「ウォーキング・デッド:デッド・シティ」シーズン3第3話:予想外の展開へ…新たな移住者たちが上陸
今週のウォーキング・デッド

荒廃したニューヨークを舞台に「ウォーキング・デッド」の人気キャラクター、マギーとニーガンのその後を描くドラマ「ウォーキング・デッド:デッド・シティ」シーズン3。第3話「移住者」では、マギーたちのコミュニティーに大量の移住者がやってきたことで、予想外の事態が発生する。(文・平沢薫)
※ご注意:本記事はネタバレを含みます。「ウォーキング・デッド:デッド・シティ」シーズン3第3話をまだ観ていない方はご注意ください。
医療ドラマのような混乱と緊迫感
やはり、思った通りの大混乱が勃発した。前話のラストで、マギー(ローレン・コーハン)とレナータ(エイミー・ガルシア)が自由の女神像に明かりを灯したのを見た人々が、大人数でボートに乗って島に到着した。しかし、予想外だったのは、彼らが2つの敵対する集団だったことだ。
そのため、マギーたちのコミュニティーを襲撃するより前に、彼ら同士で襲い合い、ケガ人が148人も発生。医師ルイス(ラウル・カスティーロ)と、彼から医学を学んでいる最中のマギーの息子、ハーシェル(ローガン・キム)を中心に、コミュニティーの人々は移住者のケガの治療に忙しくなる。
その状況の緊迫感は、まるで救命医療ドラマの雰囲気。治療の間にも、何度も停電が発生し、何か不具合が起きているのではないかと気にかかる。ここで、ウォーカーの斬新なシーンも登場。病室で死んだ患者がウォーカーになり、他の患者を襲うという描写は初めてではないか。
「ウォーキング・デッド」にはなかった新たな解決法
そんな状況でも、2つの移民の集団が対立し合うので、現実的なニーガン(ジェフリー・ディーン・モーガン)は、2集団のリーダーを戦わせ、勝った方のみ受け入れるという方法を提案するが、マギーもレナータもそれを拒否し、新たな方法を見つける。2人は、セントラルパークに大量の草刈り鎌を用意して、移民の人々に「このカマで殺し合ってもいい。または、このカマで土地を耕し、一緒に生きていくこともできる」と提案。すると、人々はカマを手に取り、雑草を刈り始めるのだ。
こういう展開は「ウォーキング・デッド」史上初ではないだろうか。これまでのこの世界では、ほとんどの場合、新たな集団同士が遭遇すると、どちらか一方を倒すことになってしまった。レナータが彼らに語る、「生き延びるだけでは足りない。生き続けていくには、助け合うことが必要だ」というのは正論だが、これまでは人々の意識も資源も、それを実践するだけの余裕がなかった。

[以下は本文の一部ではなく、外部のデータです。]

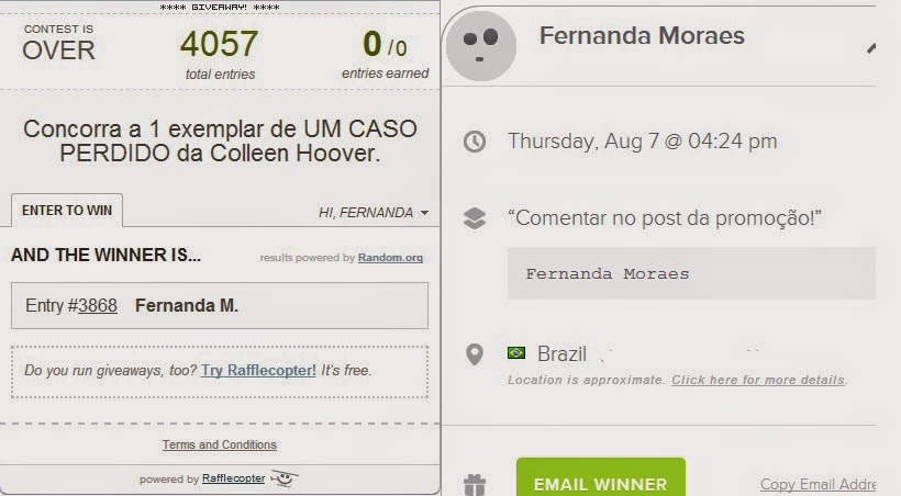 ganhadoras que têm 2 dias para entrar em contato e enviar os dados para envio
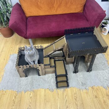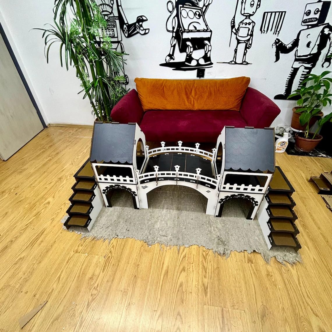 Ein modernes, dreistöckiges Katzenhaus aus hochwertigem 3 mm Sperrholz – ideal für bis zu 2 Katzen (max. 10 kg). Ausgestattet mit Rampe, Treppen, zwei offenen Terrassen und einer Holzbrücke bietet es viel Raum zum Ausruhen und Spielen. Das platzsparende Design eignet sich für Innenbereiche und überdachte Außenbereiche. Merkmale: Erdgeschoss: Zwei separate Innenräume mit großen Eingängen und Fenstern zur Belüftung. Zweiter Stock: Offene Terrasse mit festen Seitengeländern und Zugang über eine Rampe. Dritter Stock: Große offene Terrasse mit dekorativen Stützen und Absturzsicherung. Material: Zertifiziertes, antibakterielles Sperrholz mit natürlicher Maserung. Jedes Haus ist durch die Holzstruktur ein Unikat. Maße: Höhe: 45 cm | Breite: 110 cm Wohnbereiche: 35×35 cm & 20×40 cm Terrassen: 35×35 cm & 42×42 cm Rampe: 40×16 cm Kissen: Maßgefertigt, weich, aus waschbarem Welsoft-Stoff (30?°C), erhältlich in Schwarz oder Weiß. Lieferumfang: Zerlegtes Katzenhaus Verbindungsschlösser Kissen Einfache Montage mit Anleitung. Reinigung mit feuchtem Tuch. Nicht direkter Nässe oder intensiver Sonneneinstrahlung aussetzen.
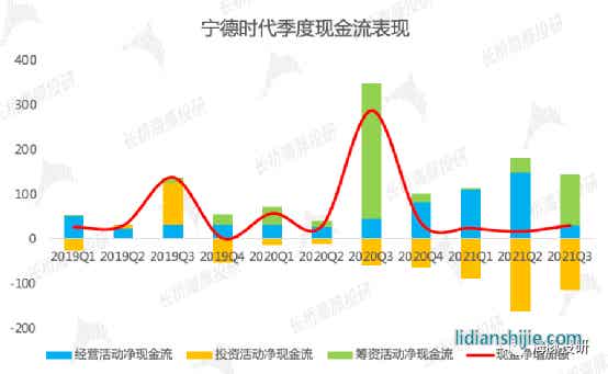 4、經(jīng)營(yíng)活動(dòng)現(xiàn)金流現(xiàn)壓力,強(qiáng)融資能力保駕護(hù)航。三季度公司經(jīng)營(yíng)活動(dòng)凈現(xiàn)金流僅29億元,相比二季度的148億元,本季度的經(jīng)營(yíng)活動(dòng)現(xiàn)金流邊際惡化,長(zhǎng)橋海豚君認(rèn)為背后的原因可能是提前支付現(xiàn)金鎖定材料供應(yīng),本季度末存貨環(huán)比二季度末增加108億元。不過(guò)寧王的融資能力強(qiáng),足以支撐階段性的資金需求,公司本季度籌資活動(dòng)現(xiàn)金流入增加約100億元,滿足了產(chǎn)能擴(kuò)張的資金需求。最終在手現(xiàn)金仍非常充裕。
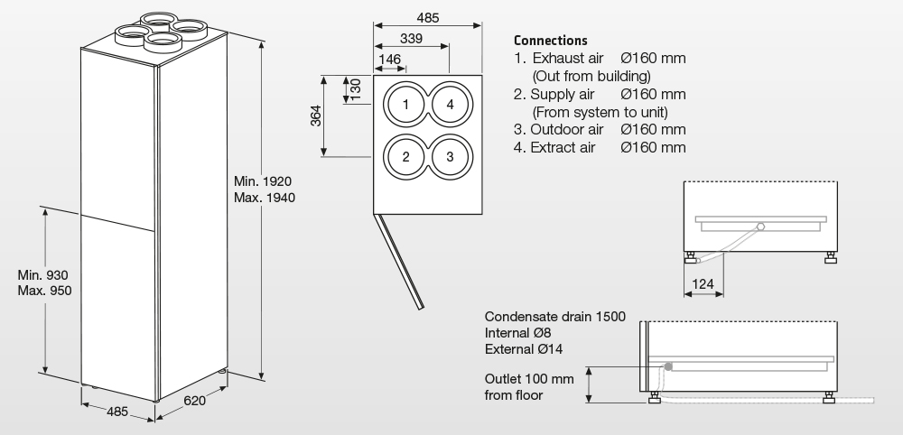 | Duct connections | 4 x 160 mm | 4 x 160 mm |
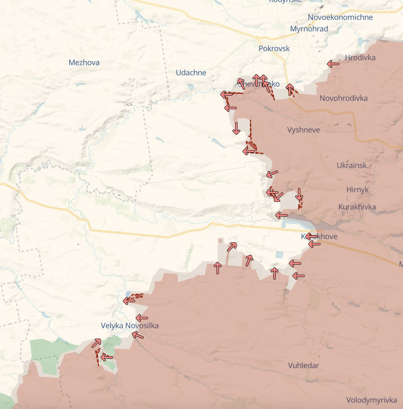 Росіяни знову просунулися під Покровськом, свідчить карта Deep State. Зокрема, є просування трасою з півдня у Даченському.
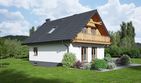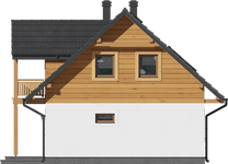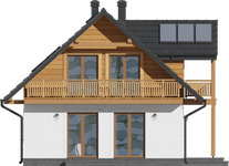 Graficzne opracowanie rzutów poglądowych widocznych na karcie projektu zostało wykonane przez Extradom.pl. Prezentowane przez Extradom.pl wizualizacje wykonane zostały przez autora projektu i należy poczytywać je jedynie za przykład i propozycję wykończenia, wizję architektoniczną autora projektu. Ostateczne wykończenie budynku może nastąpić na wiele sposobów. Szczegółowe rozwiązania zastosowane w oferowanej dokumentacji - w tym również ilość, lokalizacje i wygląd okien, drzwi, kominów - mogą w niewielkim stopniu różnić się od prezentowanej wizualizacji budynku.
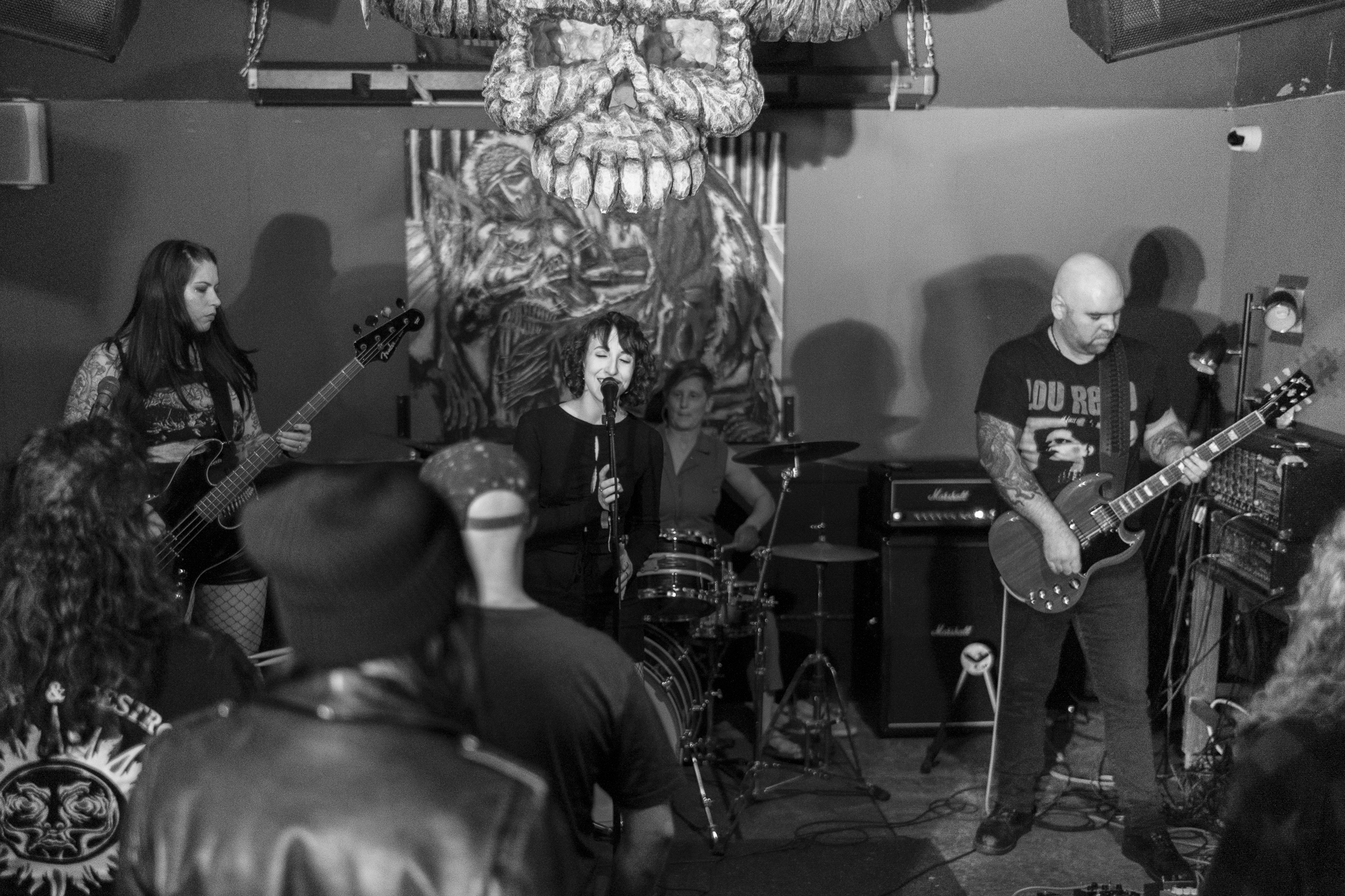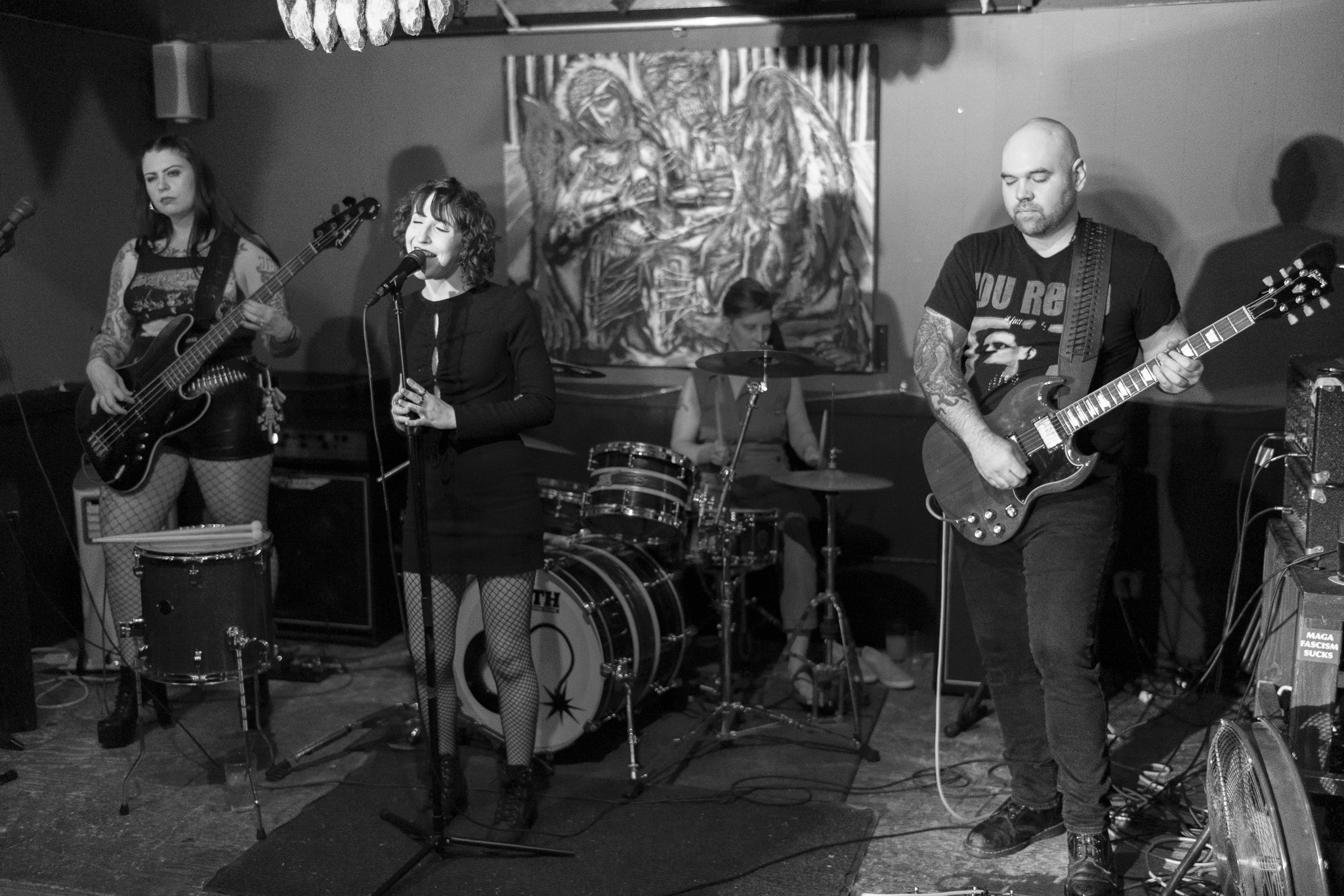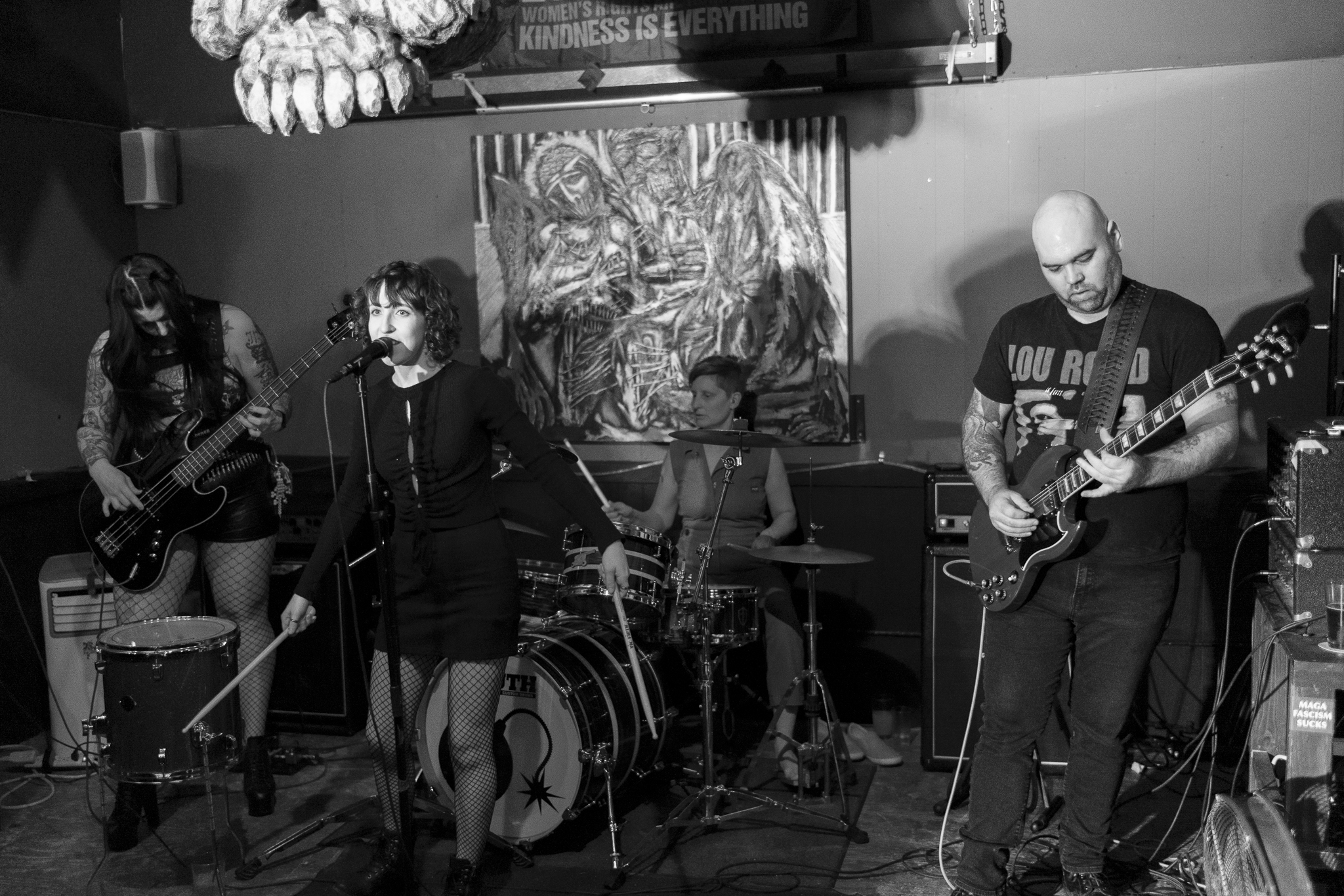 Bone Brothel is a femme-fronted indie-metal band with heavy punk and grunge influences. Informed by iconic acts such as Soundgarden, Black Sabbath, Nirvana, and The Pretty Reckless, they blend haunting melodies, guttural riffs, and ferocious vocals into a sound entirely their own. By fusing the heavy energy and raw emotion notable of the metal genre with distinctive lyrics and imaginative subject matter, Bone Brothel offers a new sonic experience that’s both visceral and intriguing. Based in Portland, Oregon, their members include Alexis Moore on bass, Shannon Selah on drums, Calvin Hart on lead guitar, and Gea John Marie on vocals.

今回の結末は、この世界での人間の生活が新たな段階に入ったことを痛感させる。
そういう混乱の中にも、しみじみするシーンもあった。それは、患者の治療に熱中する息子ハーシェルの姿を見て、マギーが獣医だった父ハーシェル(スコット・ウィルソン)の姿を思い出し、2人の姿を重ねるシーンだ。2人とも、医学の知識で人々を助けようとするところは共通なのだ。
マギーの父ハーシェルは、シーズン4で総督(デヴィッド・モリッシー)に殺され、演じた俳優ウィルソンは2018年10月6日に没したが、マギーも「ウォーキング・デッド」ファンも、彼のことは忘れていない。マギーが息子ハーシェルに贈る懐中時計は、かつて父ハーシェルがその父から受け継ぎ、マギーの夫となったグレン(スティーヴン・ユァン)に与えたものだ。彼の死後はマギーが持ち、一時はヒルトップで妊娠中のマギーを手助けしていたイーニッド(ケイトリン・ネイコン)に与えたが、彼女の死後はマギーが持っていたのだろう。こうして歴史は引き継がれていく。
ウォーカーが「愛している」!? 予想外のラスト
さて、移民たちが一緒にセントラルパークを耕すことになり、これでひと段落なのかと思っていたら、ラストに思わぬ出来事が待っていた。
ニーガンと一緒にバーで暮らすディラード(ジミ・シンプソン)の精神的な病は、思ったより根が深いようだ。前回、彼がたった一人で暮らす孤独な生活の中で「ウォーカーの言葉がわかる」という妄想を持つようになったことが分かったが、今回、ニーガンが襲われた時にウォーカーを倒したので、ここから回復に向かうのかと思われた。
ところが、ラスト、彼がウォーカーと一緒に暮らしていることが判明する。このウォーカーが「愛している」と言う(※ディラードにはそのように聞こえる)のは、彼のかつての恋人なのだろうか。このウォーカーの存在が、不幸な出来事を招きそうで、イヤな胸騒ぎがする。